In the day, when I used to build data warehouses (1990s+), there was a reference to a concept of “federated data warehouses”, where data in the logical warehouse would be separated physically either with the same schemas in multiple instances or different types of data in different locations.  The thought was that the data would be physically separate but brought together real time for reporting.  We also used to call that “data warehouses that don’t work”.  After all, the reason we created data warehouses in the first place was that we needed to instantiate the data consolidation in order to make the response time reasonable when trying to report on millions of records. No, really, the response time on these “federated data warehouse” systems used to be many minutes or more.

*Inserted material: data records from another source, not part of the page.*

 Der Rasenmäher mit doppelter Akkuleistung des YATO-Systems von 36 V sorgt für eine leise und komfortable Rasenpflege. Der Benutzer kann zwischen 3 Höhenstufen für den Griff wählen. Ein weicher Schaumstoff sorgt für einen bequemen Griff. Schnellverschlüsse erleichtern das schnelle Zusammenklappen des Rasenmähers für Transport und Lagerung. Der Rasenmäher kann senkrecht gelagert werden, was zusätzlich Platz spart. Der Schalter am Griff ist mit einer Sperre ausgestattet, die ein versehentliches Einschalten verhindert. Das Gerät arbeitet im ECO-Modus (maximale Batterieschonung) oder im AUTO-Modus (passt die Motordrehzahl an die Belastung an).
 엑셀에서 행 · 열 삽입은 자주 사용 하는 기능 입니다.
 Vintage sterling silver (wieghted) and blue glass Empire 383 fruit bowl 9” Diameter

Now, however, the technologies involved have made huge leaps in capabilities.  The vendors have put thousands and thousands of man hours into how to make real time integration and reporting work.  There are many techniques involving specialized software and hardware (data appliances) that enable these capabilities, query optimization, distributed processing, and other optimization techniques, and hybrid solutions between pure virtualization and instantiation.  Specialized tuning is necessary, and the fastest solutions involve instantiating the consolidated data in a central place.

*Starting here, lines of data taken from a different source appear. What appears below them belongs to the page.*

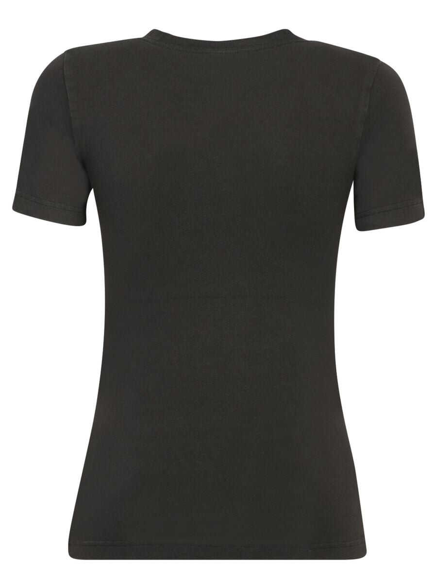 black cotton blend jersey texture crew neck logo print to the front short sleeves straight hem We've partnered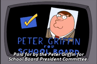 Paid for by the Peter Griffin for School Board President Committee. Sorry, Lois.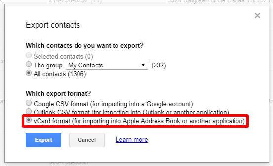 En la pantalla Exportar, elija vCard, luego haga clic en el botón Exportar. Guarda el archivo.
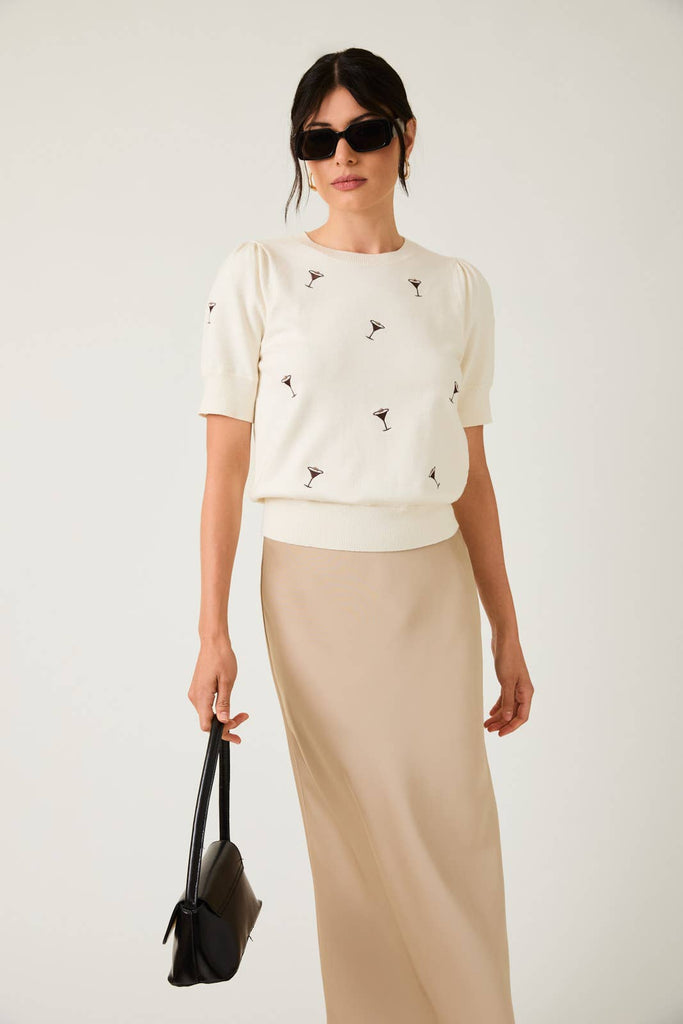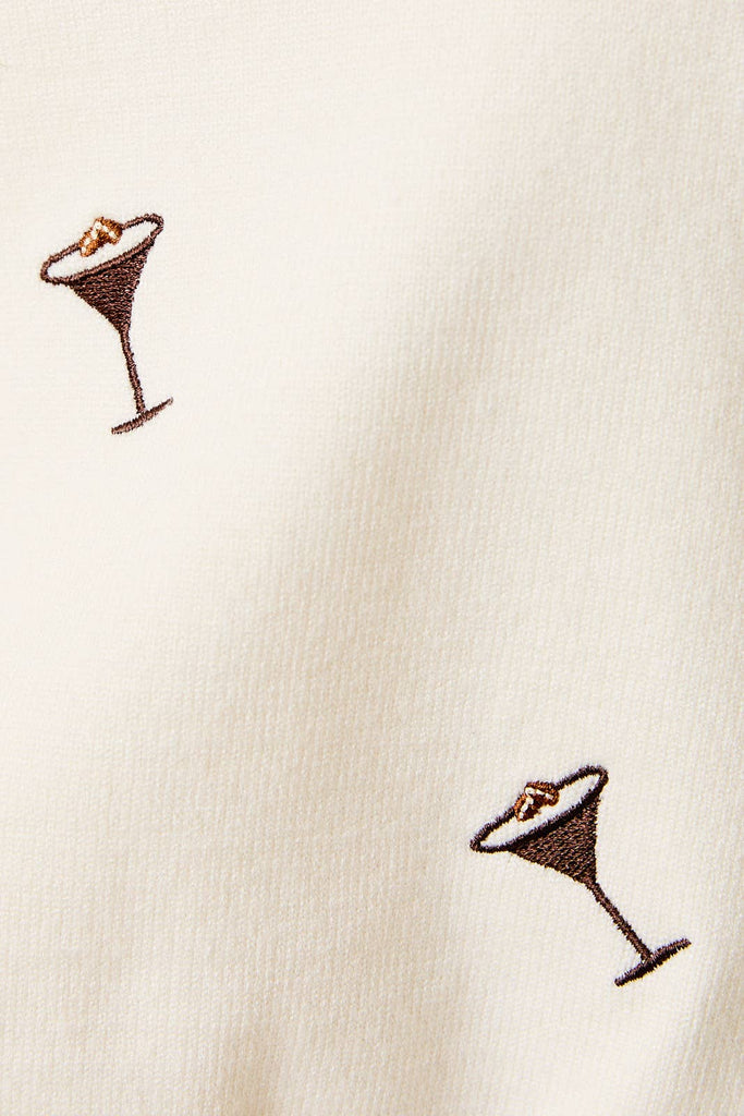 This half-sleeve knit top features charming espresso martini embroidery, perfect for adding a playful touch to your evening look. Its cozy fabric and flattering fit make it an ideal choice for a night out with friends or a special date night. Enjoy comfort and style effortlessly with this unique sweater.

Ultimately, having to do a project to incorporate new data into the data warehouse physically isn’t responsive enough to the business need for information.  Better to have a short term solution that allows for the quick incorporation of new data and then, if there is a continued need for the data in question and you want to speed up the response, possibly integrate the additional data into the physical data warehouse.

The problems being solved now for business intelligence and data virtualizations include real time data integration of multiple regional instances of a data warehouse, integrating data of different types and kinds, and integrating data from a data warehouse with big data and cloud data.  This enables much more responsive business intelligence and analytical solutions to business requests without having to always instantiate all data for analysis into a central, single, enterprise data warehouse.



What is different about Big Data Governance?

December 21, 2011

In most ways, Data Governance of Big Data is not different from normal Data Governance.  The benefits are the same.  The reasons for doing it are the same.  And, mostly, what needs to be done is the same.

What is different about Big Data Governance is that it’s about more data types, more sophisticated tools are needed, and the need for more metadata is critical.

First of all, Big Data Governance requires performing Governance over many different types of data, not just what’s in relational databases.  Certainly, the scope needs to include non-relational databases and unstructured data and documents.  This itself may require new tools to deal with these other technologies.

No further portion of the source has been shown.